In 1861 the prototype 15-inch Rodman gun was delivered to Fort Monroe and was subsequently fired 350 times in testing. This weapon (Fort Pitt Foundry No. 1 of 1861) is displayed at the fort as of 2018; a plaque states that it was test fired for President Lincoln and was nicknamed the "Lincoln gun". This type of weapon was deployed for coastal defense during the war (an 1862 map shows an external battery of them at Fort Monroe) and more widely deployed following the war.[25]
1862
In March 1862, the naval Battle of Hampton Roads took place off Sewell's Point between two early ironclad warships, CSS Virginia and USS Monitor. While the outcome was inconclusive, the battle marked a change in naval warfare and the end to wooden fighting ships.

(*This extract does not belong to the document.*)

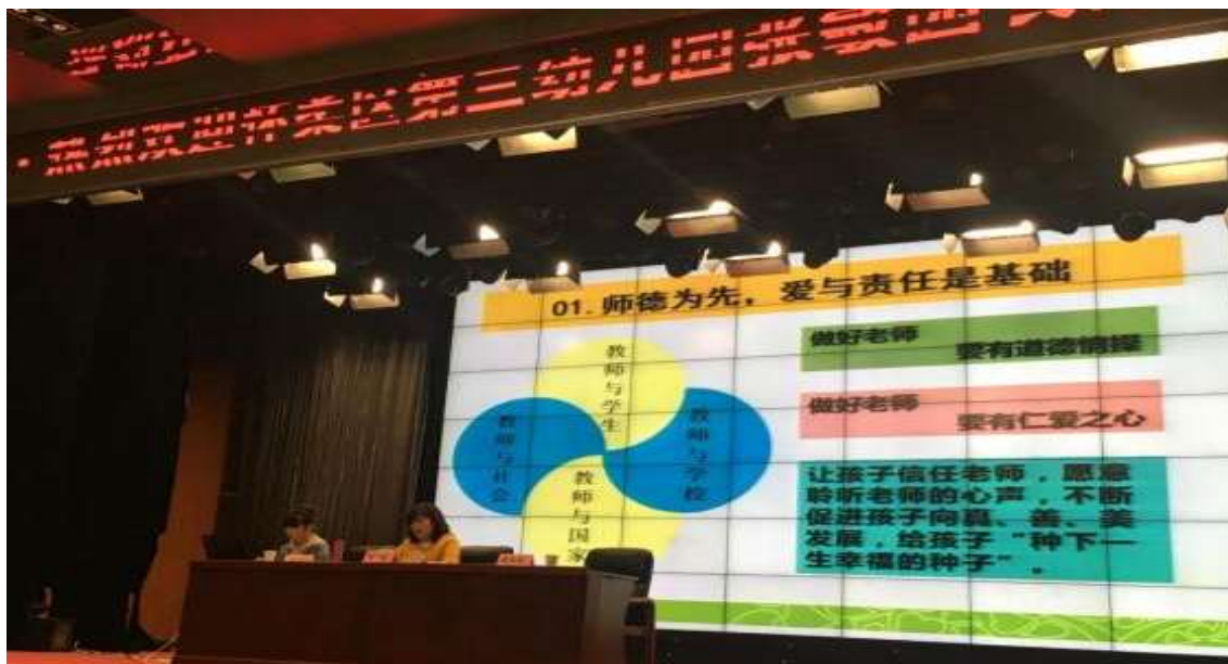
图 6 怀柔区第三幼儿园园长讲座

Later that spring, the continuing presence of the Union Navy based at Fort Monroe enabled federal water transports from Washington, D.C., to land unmolested to support Major General George B. McClellan's Peninsula Campaign. Formed at Fort Monroe, McClellan's troops moved up the Virginia Peninsula during the spring of 1862, reaching within a few miles of the gates of Richmond about 80 miles to the west by June 1. For the next 30 days, they laid siege to Richmond. Then, during the Seven Days Battles, McClellan fell back to the James River well below Richmond, ending the campaign. Fortunately for McClellan, during this time, Union troops regained control of Norfolk, Hampton Roads, and the James River below Drewry's Bluff (a strategic point about 8 miles south of Richmond).
Beginning in 1862 Fort Monroe was also used as a transfer point for mail exchange. Mail sent from states in the Confederacy addressed to locations in the Union had to be sent by flag-of-truce and could only pass through at Fort Monroe where the mail was opened, inspected, resealed, marked and sent on. Prisoner of war mail from Union soldiers in Confederate prisons was required to be passed through this point for inspection.[26][27]
1864–1867
In 1864, the Union Army of the James under Major General Benjamin Butler was formed at Fort Monroe. The 2nd Regiment, United States Colored Cavalry, mustered in at Fort Monroe on December 22, 1864,[28] and the 1st Regiment, United States Colored Cavalry mustered in the same day at nearby Camp Hamilton.[29] The Siege of Petersburg during 1864 and 1865 was supported on the James River from a base at City Point (now Hopewell, Virginia). Maintaining the control of Hampton Roads at Fort Monroe and Fort Wool was crucial to the naval support Grant required for the successful Union campaign to take Petersburg, which was the key to the fall of the Confederate capital at Richmond. As Petersburg fell, Richmond was evacuated in 1865 on the night of April 2–3. That night, Confederate President Jefferson Davis and his cabinet escaped Richmond, taking the Richmond and Danville Railroad to move first to Danville and then North Carolina. However, the cause was lost, and Confederate General Robert E. Lee surrendered what was left of the Army of Northern Virginia to Grant at Appomattox Court House the following week.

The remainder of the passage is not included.